Deborah Ellis,
No Safe Place
Groundwood Books/House of Anansi Press, 2010.
Rating: E*
With No Safe Place Deborah Ellis continues her use of dramatic international situations to inform young readers of the challenges faced by youth born in less fortunate conditions. This novel shows how the European Union, in opening its borders to provide financial opportunities, has also become a conduit for economic refugees attempting to reach the west.
The novel follows three teens in their travels, and reveals their backstories through flashback chapters. Abdul left post-war Baghdad after his father and brothers were killed in war, his mother and sister were killed by Muslim extremists, and his best friend Kalil is beaten to death in a homophobic attack. Rosalia is a Roma girl whose parents are dead, and her uncle sends her with a man who he hopes will protect her from further sexual violations by providing her with work in a factory and the opportunity for education. The man is soon revealed as a sex trafficker, who imprisons her in an apartment in Berlin in preparation for a life of prostitution. Cheslav's mother abandons him to a Baby Home for Russian orphans, and from there he is moved by government officials to an army cadet training academy. There he discovers a talent and love for the trumpet, and must escape to avoid the inevitable army tour of duty.
All of these teens are desperate enough to risk everything they have left - their life savings, and their physical safety - to travel across Europe to Calais, and then to take an open motorboat across the English Channel with a smuggler, in the hope of a better life. The trip is a horror show: the smuggler attempts to kill his own nephew, and the teens must knock him overboard and leave him to die. They then meet a luxury cruise boat, but when the men aboard discover heroin on the little motorboat, the teens hijack the cruiser. A terrible storm comes up, and they are only able to land safely through the courage of a little girl who is skipping school to spend time in her "happy place", a small cave in the cliffs at Cornwall. With her mother's help, the teens are given warm clothes, some good meals, restored faith in humanity, and hope for the future.
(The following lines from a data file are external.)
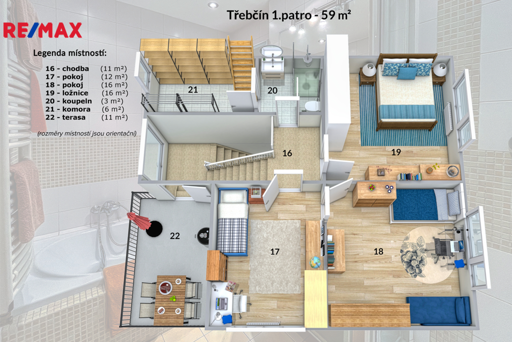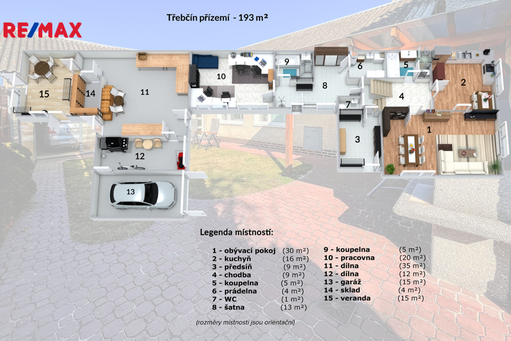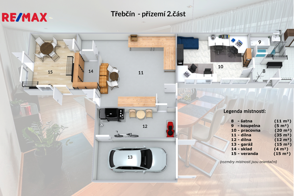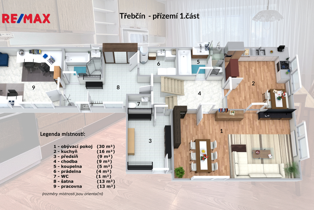 V exkluzivním zastoupení majitele nabízíme k prodeji dům se zahradou v Třebčíně nedaleko Olomouce. Vícepodlažní dům s půdou je částečně podsklepený s garáží, dílnou a skladovými prostory. Vytápění je ústřední s plynovým kotlem umístěným v suterénu a dále je provedena příprava pro krbová kamna. Dům je napojen na veřejnou kanalizaci, vodovod, plyn a elektřinu. V domě jsou plastová okna, laminátové podlahy a sádrokartonové podhledy. V 1. NP se nachází obývací pokoj s jídelnou, kuchyně, koupelna (vana, sprcha, umyvadlo, WC), vstupní hala, WC, prádelna. V přístavbě 1. NP se nachází pracovna, předsíň, šatna, koupelna (není dokončena, příprava pro sprchu, umyvadlo a WC). V této přístavbě lze řešit samostatnou obytnou jednotku nebo prostor pro podnikání. Ve 2.NP se nachází 3x ložnice, koupelna (sprcha, umyvadlo), skladový prostor s možným užitím jako šatna. Půda je svojí rozlohou a charakteristikou určená k případné půdní vestavbě. Obrazová příloha obsahuje také návrh možného řešení úprav domu. Občanská vybavenost: • zdravotní středisko s lékařskými ordinacemi - praktický a dětský lékař, stomatolog, rehabilitace a lékárna • mateřská, základní a strojírenská střední škola • prodejna potraviny Billa a Hruška • retail park • několik restaurací • sportovní hala, fotbalové hřiště a další sportoviště • dále Lázně Slatinice (do 2 km) V Lutíně a přímo i v Třebčíně je mnoho pracovních příležitostí, zejména ve strojírenských firmách. Třebčín je klidné místo na bydlení blízko Olomouce a Prostějova a je jednou z obcí mikroregionu Kosířsko jehož součástí je přírodní park Velký Kosíř se stejnojmenným vrcholem Hané v lokalitě Drahanské vrchoviny pro možnou rekreaci v přírodě. Je zde výborné dopravní spojení autobusem i vlakem do Olomouce a Prostějova anebo autem po dálnici. Více informací u makléře.
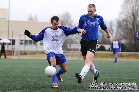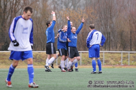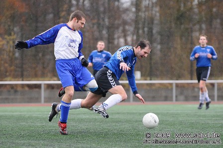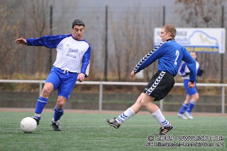 Strömender Regen sorgte dafür, dass die Zuschauerkulisse an der Florianstraße recht überschaubar war: Rund 100 Zuschauer wohnten dem ersten Heimspiel des SCB im neuen Jahr bei und waren natürlich gespannt auf die Reaktion, die der SC nach dem desolaten Auftreten in Ballweiler präsentieren würde. Eines zeigte sich aber recht schnell: Das Wort „desolat“ sollte man nicht unüberlegt gebrauchen, denn wenn die Niederlage in Ballweiler schon die Bezeichnung desolat verdiente, so fällt es schwer, die SC-Leistung in der ersten Halbzeit zu beschreiben. Sagen wir, sie war noch desolater, wenngleich Germanisten vor Schreck die Hände über dem Kopf zusammenschlagen werden. Eben das taten aber auch die SC-Fans: Blieskastel hatte in Durchgang eins zunächst einen brauchbaren Start und hätte nach einer Baier Chance mit 1:0 in Front gehen müssen. Es blieb beim 0:0 und die Gästen aus Ommersheim legten das an den Tag, was man eigentlich vom SC erwartet hätte: Der TuS zeigte eine gute Vorstellung und kämpfte verbissen in den Zweikämpfen. Dass dem SC so etwas nicht schmeckt ist seit der letzten Woche hinlänglich bekannt. So kam es, dass Blieskastel immer mehr ins Hintertreffen geriet und die nette Eskorte, die man Patrick Marouelli beim 1:0 anbot, war sinnbildlich für die bis dato unterirdische Leistung des SC. Auch nach dem Tor gab es von Blieskastler Seite keinerlei nennenswertes Aufbäumen und so kam es, dass Daniel Teuber ohne SC-Bewachung durch SC-Mittelfeld marschieren kann und dann auch noch die nötige Zeit hat, zu einem kontrollierten Abschluss zu kommen. Dass der Ball am Ende im Winkel landete ist sicherlich ein unglücklicher Umstand, man kann aber das Glück eben manchmal auch erzwingen, genauso wie das Pech. Was der SC nach dem 2:0 bot war schon eine Form der Leistungsverweigerung: Ommersheim startete einen sehenswerten Sturmlauf, der nur Dank Robert Harder und dem Aluminium am SC-Gehäuse nicht zu einem Debakel führte. So hart das klingen mag: Blieskastel war mit dem 2:0 zur Pause mehr als nur gut bedient und muss sich schon fragen lassen, wie es zu solch einem Auftreten vor eigenem Publikum kommen kann!
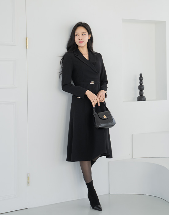 [Classy Madam] Kurin Pintuck Flare One-Piece - OP2512001 -
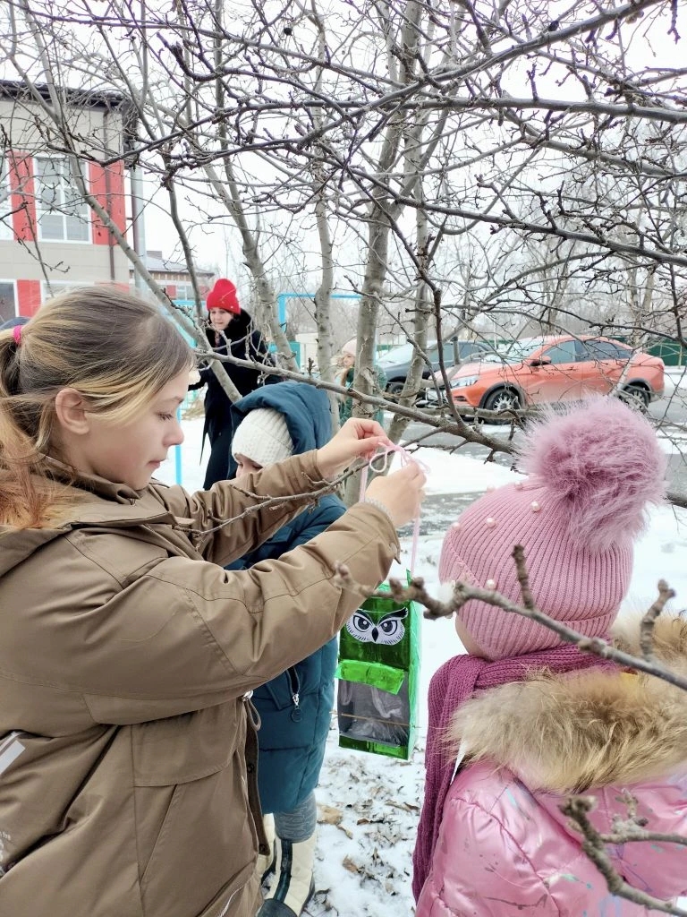 Чтобы превратить слова в дела, школьники вместе с родителями смастерили яркие кормушки из подручных материалов. Каждая — как маленькая зимняя столовая для птиц.
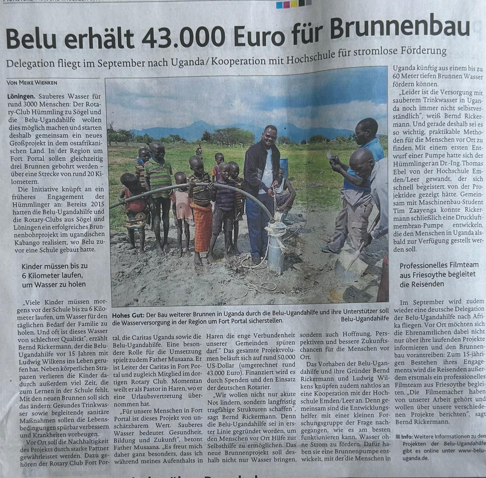 Sauberes Wasser für rund 3.000 Menschen: Der Rotary Club Hümmling zu Sögel und die Belu-Ugandahilfe starten gemeinsam ein neues Großprojekt in Uganda. In der Region um Fort Portal sollen gleichzeitig drei Brunnen gebohrt werden – über eine Strecke von rund 20 Kilometern.
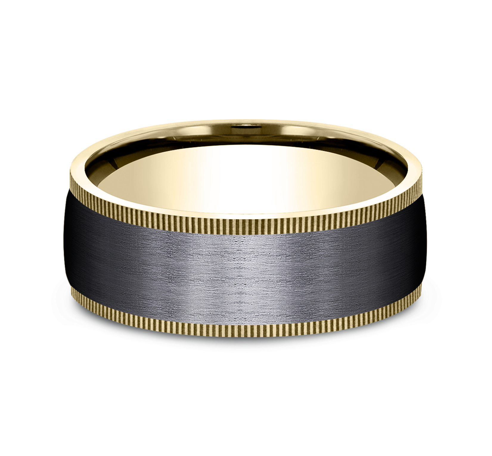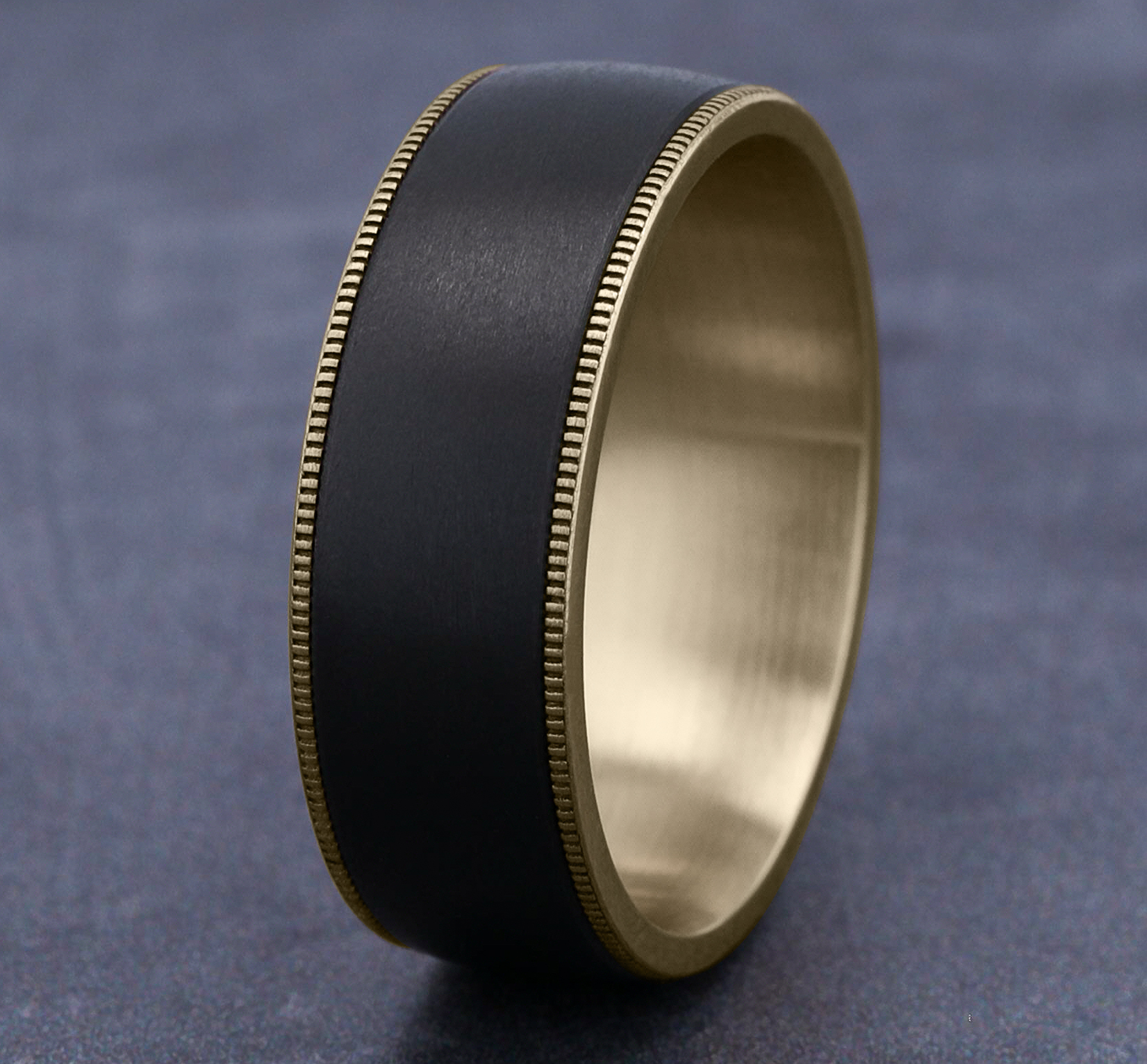8mm, Comfort fit 14K Yellow Gold and Black Titanium Satin center, thin coin edges

Ellis's characters are realistic, her situations are based on today's newspaper headlines, and her plot is gripping. This novel will be very successful for students who are willing to look at the wider social problems of our world, or for classroom instruction on international issues and the challenges faced by youth in different cultures and countries.
Thematic Links: Immigrants' Stories; European Union; Roma; War in Iraq; Russia
Patricia Jermey
Vol. 16, number 2
December 2010
*Rating System:
E - Excellent, enduring, everyone should see it!
G - Good, even great at times, generally useful!
A - Average, all right, has its applications.
P - Problematic, puzzling, poorly presented.